> _The problem_
Exact copy, no pictures: repeat the data that follows.

> _Data provided_
# # #

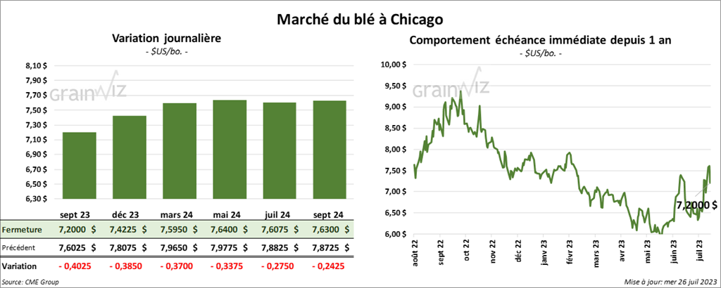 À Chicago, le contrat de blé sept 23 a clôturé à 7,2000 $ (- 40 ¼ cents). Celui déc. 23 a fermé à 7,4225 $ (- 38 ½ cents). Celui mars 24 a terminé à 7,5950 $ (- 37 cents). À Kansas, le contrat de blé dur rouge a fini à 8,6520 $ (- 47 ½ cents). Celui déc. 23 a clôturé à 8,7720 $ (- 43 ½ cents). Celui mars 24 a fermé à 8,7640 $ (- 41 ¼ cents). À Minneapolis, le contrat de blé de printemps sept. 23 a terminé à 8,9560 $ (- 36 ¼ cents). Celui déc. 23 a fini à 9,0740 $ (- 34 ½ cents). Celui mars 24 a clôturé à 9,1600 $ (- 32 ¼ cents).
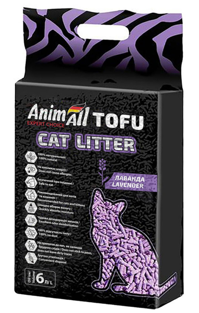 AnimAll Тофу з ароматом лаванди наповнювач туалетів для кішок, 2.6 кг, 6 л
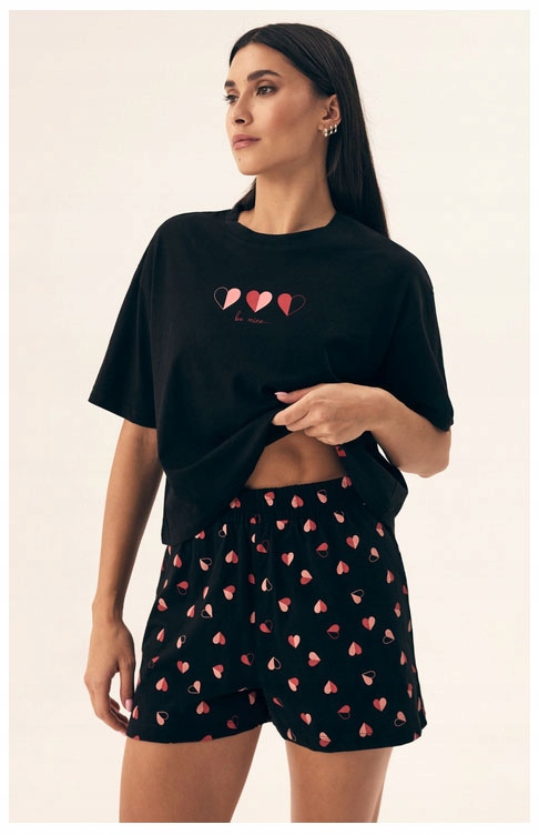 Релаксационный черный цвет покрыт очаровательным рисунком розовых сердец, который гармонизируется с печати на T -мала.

# # #

> _Response area_
 À Chicago, le contrat de blé sept 23 a clôturé à 7,2000 $ (- 40 ¼ cents). Celui déc. 23 a fermé à 7,4225 $ (- 38 ½ cents). Celui mars 24 a terminé à 7,5950 $ (- 37 cents). À Kansas, le contrat de blé dur rouge a fini à 8,6520 $ (- 47 ½ cents). Celui déc. 23 a clôturé à 8,7720 $ (- 43 ½ cents). Celui mars 24 a fermé à 8,7640 $ (- 41 ¼ cents). À Minneapolis, le contrat de blé de printemps sept. 23 a terminé à 8,9560 $ (- 36 ¼ cents). Celui déc. 23 a fini à 9,0740 $ (- 34 ½ cents). Celui mars 24 a clôturé à 9,1600 $ (- 32 ¼ cents).
 AnimAll Тофу з ароматом лаванди наповнювач туалетів для кішок, 2.6 кг, 6 л
 Релаксационный черный цвет покрыт очаровательным рисунком розовых сердец, который гармонизируется с печати на T -мала.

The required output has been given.